ツァン・キンワ
PEOPLEText: Justin Tsui
HE Comes From The Sky … or The Sea …(それは空、、、または海からやってくる)
ヘルシンキでの現代アート美術館キアスマでの最新のグループ展示会「Drawn in the Clouds – Asian Contemporary Art(雲のなかに描かれたアジアの現代アート)」について教えてください。
それは、キアスマがオーガナイズしたグループ展示会です。去年の夏、展示会の前に現場視察のため、私はヘルシンキに行きました。実際一度も行ったことがなかったのですが、人々を取り囲む環境や雰囲気に感動しました。その地域には、ある種の重苦しい雰囲気がありました。ある日埠頭に行ったとき、沢山のカモメが歩いたり飛んだり騒がしく鳴いてるのを見ました。このときの印象やイメージが私の心に強く残りました。なので展示会で何をしたいか決めるとき、ヒッチコック映画の「鳥」が思い浮かんだのです。同時に、フィンランドの歴史や冬の暗闇や高校銃乱射事件のような全ての背景となる要素を勉強したのです。

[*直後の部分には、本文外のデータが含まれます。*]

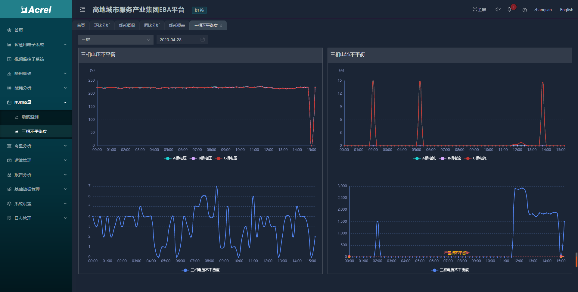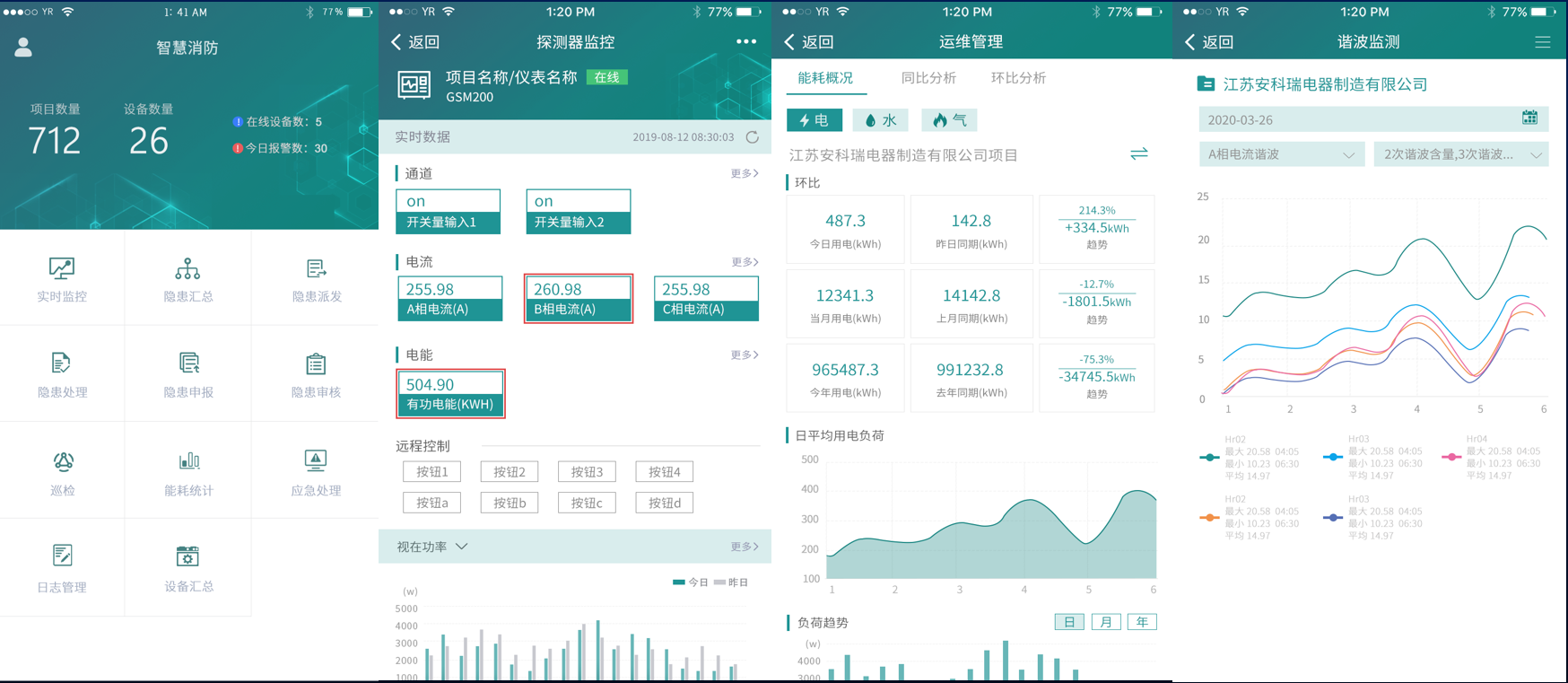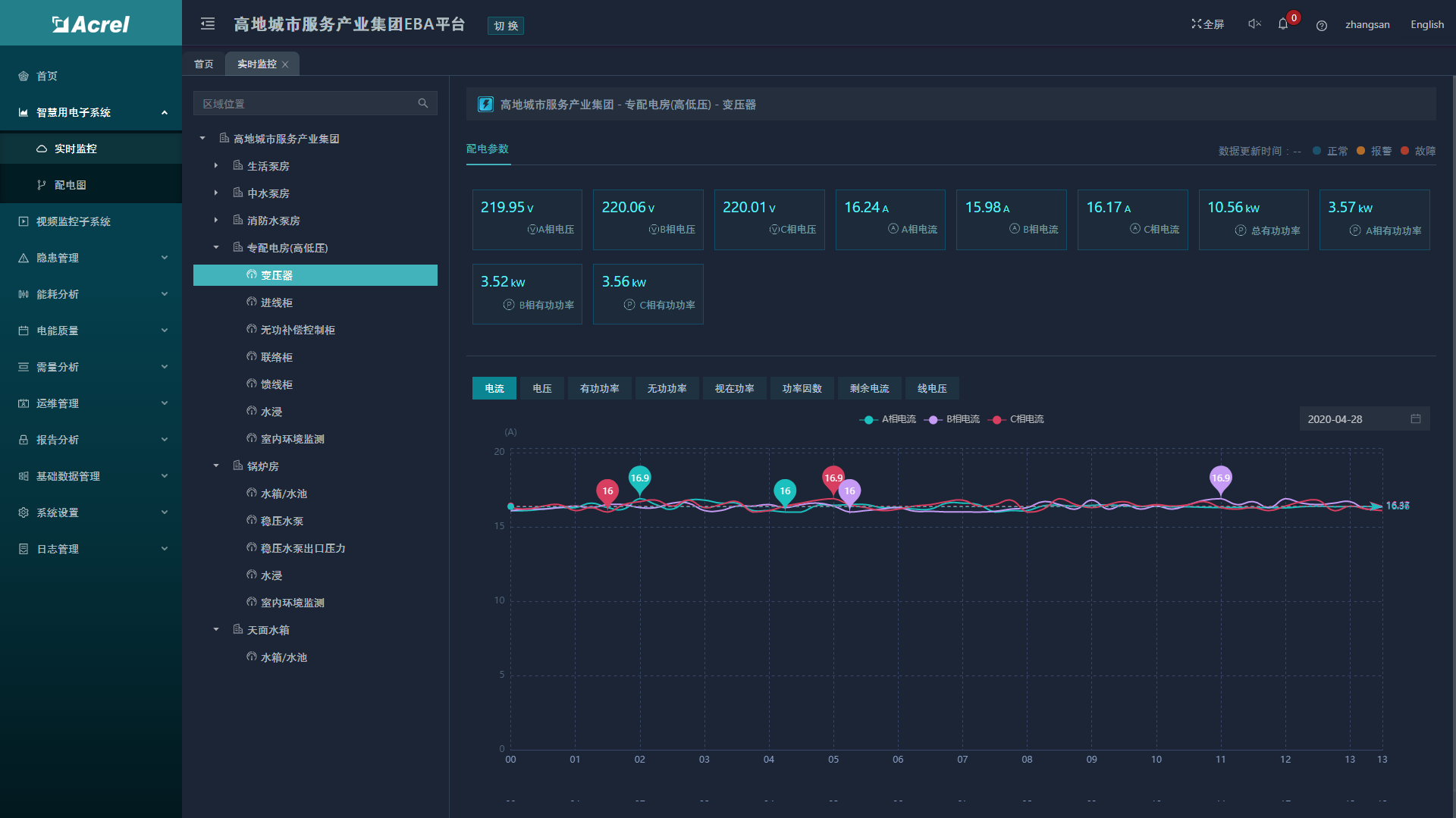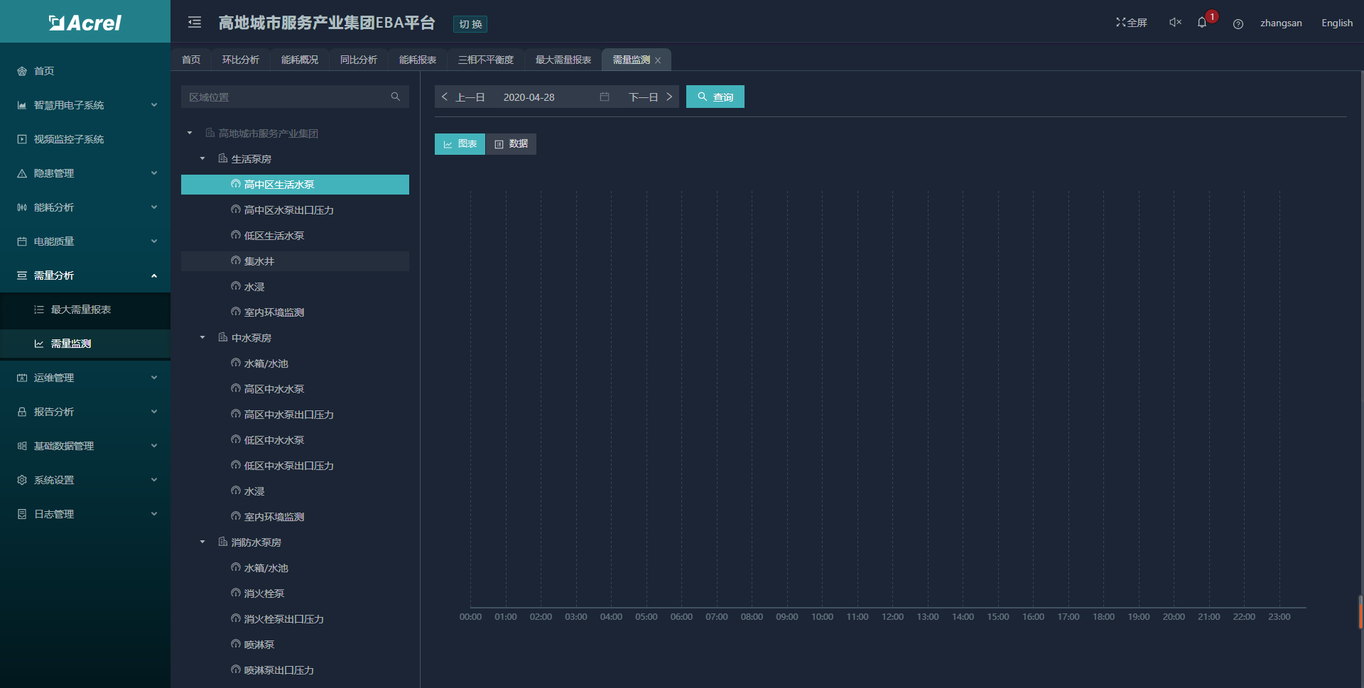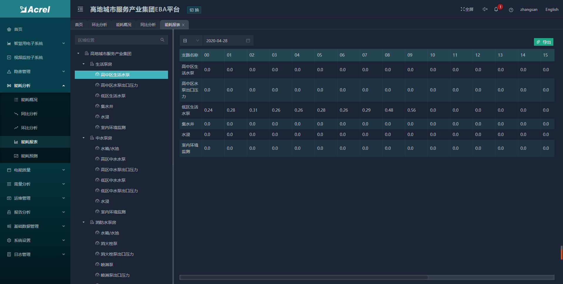 針對智慧用電部分,系統提供能耗分析功能,按回路可查詢日、月、年的能耗報表和曲線。

そして作品が、見知らぬものへの恐怖、自然や他の国や最後の審判の日などへの恐怖と結びつく何かになると確信したのです。
このようにして「HE Comes From The Sky … or The Sea …(それは空、、、または海からやってくる)」という作品のアイディアを思いつきました。それは、美術館のらせん階段や地下室に沿って描かれた文字と音のインスタレーションです。私は作品の表現として、詩になっている文字を書き、鳥や馬、熊などの声を流しました。実際それら全てが、それぞれの要素でそれぞれの意味を持ったものでした。
White Porn Paintings(ホワイト・ポルノ・ペインティング)
あなたのシリーズに「ホワイト・ポルノ・ペインティング」というものがありますが、そのコンセプトは何ですか?なぜ白という色を選んだのですか?
ホワイト・ポルノ・ペインティングは、単なるセックスシーンの描写ではありません。汚れたもの、つまり人間の隠れた欲望や野性的な願望などと無垢なものとの間の関係性を表しています。白という色は一般的に純粋さや無垢なものととられてて、人々がセックスやポルノについて話すときは、それを汚いものと認識しますが、「純粋さ」や「無垢」や「汚さ」という概念の背後には、絶対的な意味というのは存在しないと私は考えるのです。実際は、それらは単なるいくつかの解釈に過ぎないのです。ある意味、セックスやポルノ、欲望とは、あらゆる人が持つ根本的な本能と関わるものなのです。違う観点から見れば、その作品は、ギリシア神話のディオニソスやアポロニアンにおけるニーチェの概念やセックスや意識についてのフラウドの思想からの影響も受けています。
様々な展示のためにいろいろな街を訪れたと思いますが、お気に入りの街とその理由を聞かせてください。
ヨーロッパ、アジア、アメリカなどの都市を訪れましたが、実際のところ本当に好きな特定の街はありません。それぞれの街がよい面も悪い面も持っていると思います。たとえば、私はロンドン、パリ、ニューヨークは、多くの展示会やコンサートやフェスティバルがあるので好きですが、残念なことにとてもごみごみしていてうるさく思います。また、オランダのハーグのような小さな街も好きで、そこでは散歩をするために森や湖に行って、昼寝をしたりできました。アムステルダムのような大きな都市とくらべて非常に静かでした。
では、最後に将来の展望をお聞かせください。
どれくらい広く自分の作品を押し進めることができるかを知るために、何か違うことに挑戦したいとよく考えています。今のところ、作品のなかである種の雰囲気を生み出すために、音と光を使うことに興味を持ち出してきています。また、動く映像や文字のようなものも検討しています。おそらく、全ての要素を一緒にしたものに挑戦することになると思います。これが今考えているアイディアです。さらに、目に見えるものと見えないものの関係において、様々な素材を使用する可能性を探求したいとも考えています。